START Data

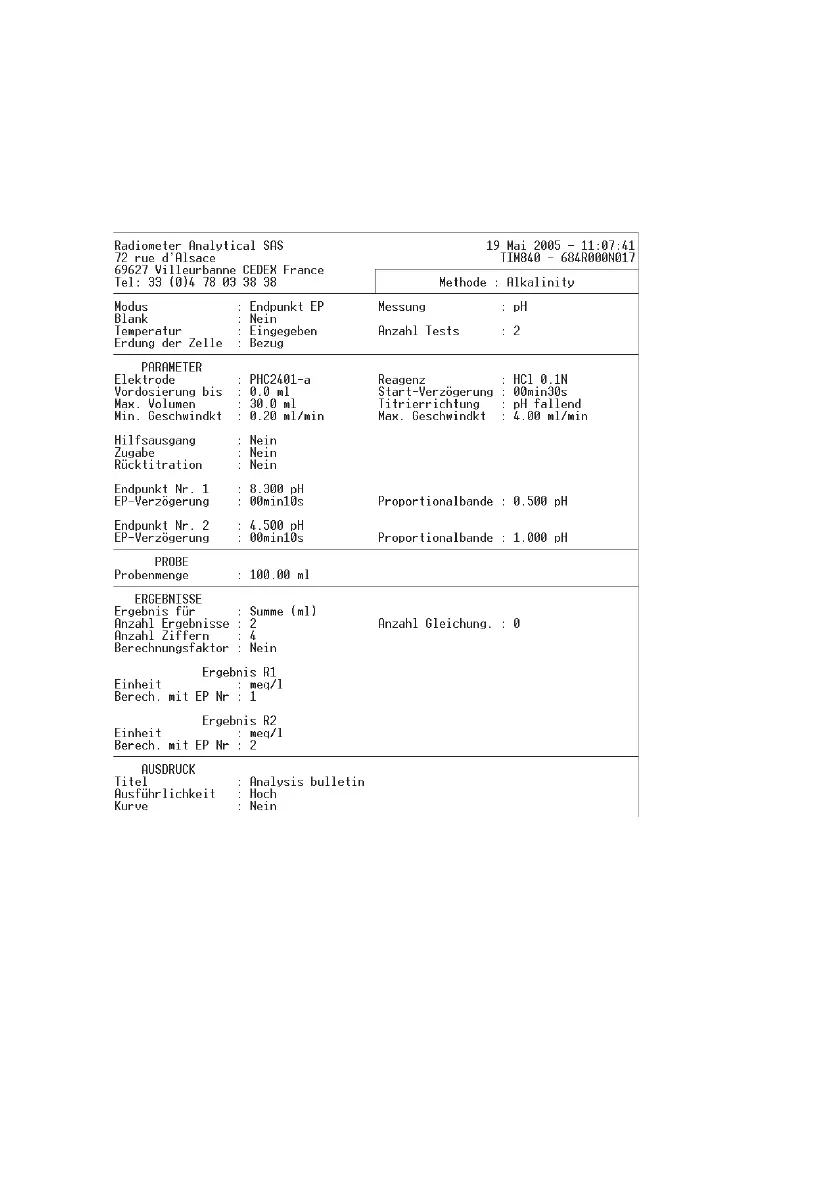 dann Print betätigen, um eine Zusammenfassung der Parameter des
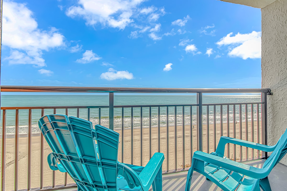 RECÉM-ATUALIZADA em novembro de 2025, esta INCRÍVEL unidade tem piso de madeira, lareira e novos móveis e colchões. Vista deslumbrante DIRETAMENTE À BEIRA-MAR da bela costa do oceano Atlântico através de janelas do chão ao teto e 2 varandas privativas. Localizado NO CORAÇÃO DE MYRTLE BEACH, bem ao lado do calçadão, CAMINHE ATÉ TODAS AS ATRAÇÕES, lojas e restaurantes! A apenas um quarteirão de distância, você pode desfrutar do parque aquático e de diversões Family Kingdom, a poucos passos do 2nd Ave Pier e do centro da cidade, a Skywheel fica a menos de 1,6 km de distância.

END Data
START Data

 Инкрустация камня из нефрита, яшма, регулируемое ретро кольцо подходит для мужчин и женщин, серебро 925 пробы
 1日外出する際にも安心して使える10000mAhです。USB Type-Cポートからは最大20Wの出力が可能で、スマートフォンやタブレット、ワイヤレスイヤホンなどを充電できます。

END Data

Try it →
From the line that has "Инкрустация камня из" through the line that has "1日外出する際にも安心して使", copy every line exactly as it appears above, and leave out all others.

Solution to this task →
 Инкрустация камня из нефрита, яшма, регулируемое ретро кольцо подходит для мужчин и женщин, серебро 925 пробы
 1日外出する際にも安心して使える10000mAhです。USB Type-Cポートからは最大20Wの出力が可能で、スマートフォンやタブレット、ワイヤレスイヤホンなどを充電できます。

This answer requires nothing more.